__Action item__: When the line with "葉拓 YT-20TL 恒溫金屬混勻儀詳細參數" comes up, set it down and every later line to the end of the data, exactly and without pictures.

__Given material__:
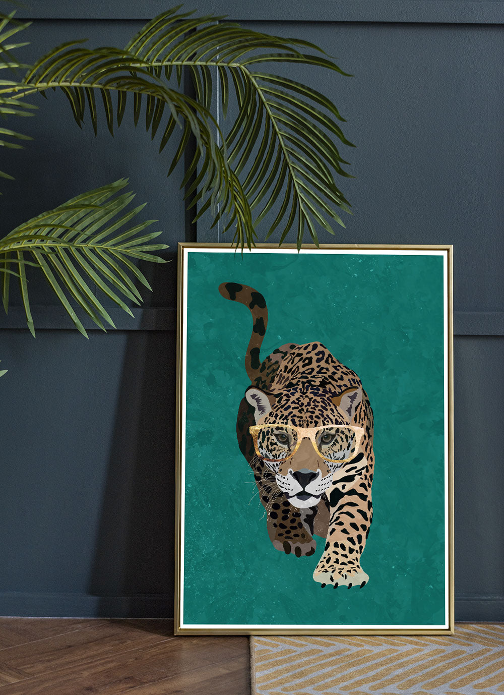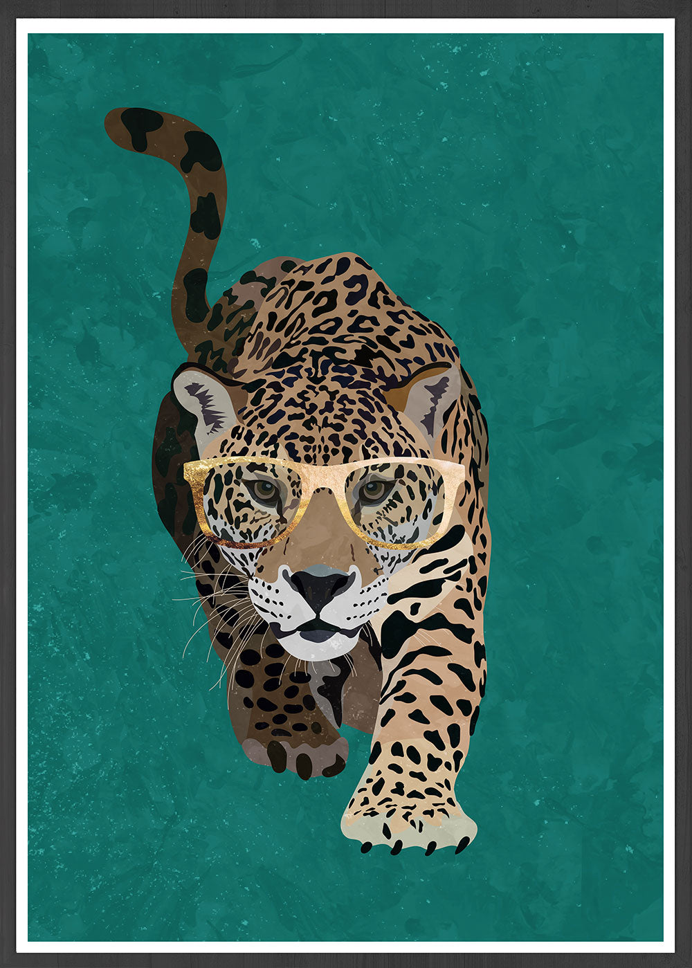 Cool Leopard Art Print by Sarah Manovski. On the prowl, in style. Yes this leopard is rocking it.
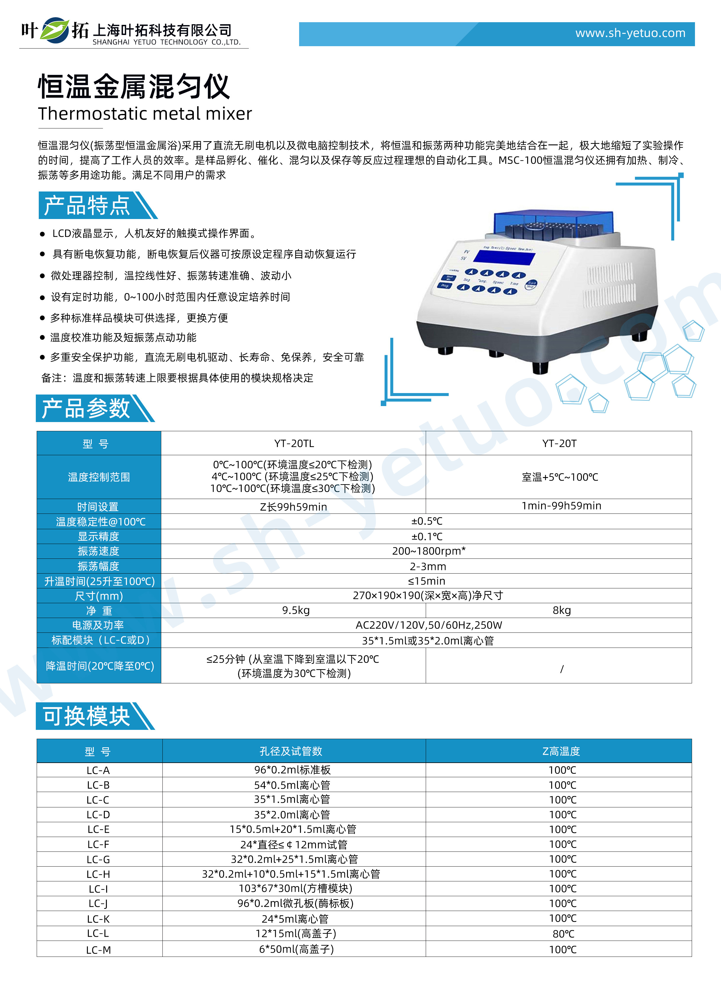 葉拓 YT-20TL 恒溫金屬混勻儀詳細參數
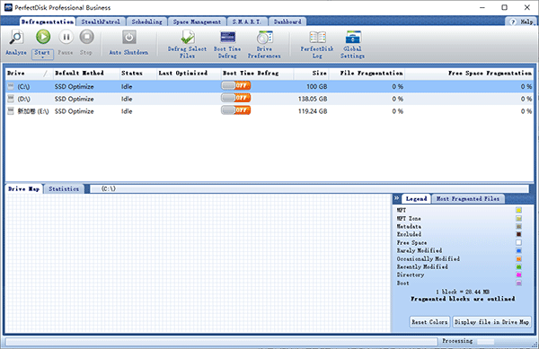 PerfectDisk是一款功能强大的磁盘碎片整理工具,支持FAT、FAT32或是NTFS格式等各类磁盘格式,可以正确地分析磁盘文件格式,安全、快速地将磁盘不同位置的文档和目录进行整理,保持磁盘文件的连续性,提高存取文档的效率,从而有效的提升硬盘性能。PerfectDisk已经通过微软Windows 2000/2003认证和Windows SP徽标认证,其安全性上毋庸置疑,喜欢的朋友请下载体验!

__Answer box__:
 葉拓 YT-20TL 恒溫金屬混勻儀詳細參數
 PerfectDisk是一款功能强大的磁盘碎片整理工具,支持FAT、FAT32或是NTFS格式等各类磁盘格式,可以正确地分析磁盘文件格式,安全、快速地将磁盘不同位置的文档和目录进行整理,保持磁盘文件的连续性,提高存取文档的效率,从而有效的提升硬盘性能。PerfectDisk已经通过微软Windows 2000/2003认证和Windows SP徽标认证,其安全性上毋庸置疑,喜欢的朋友请下载体验!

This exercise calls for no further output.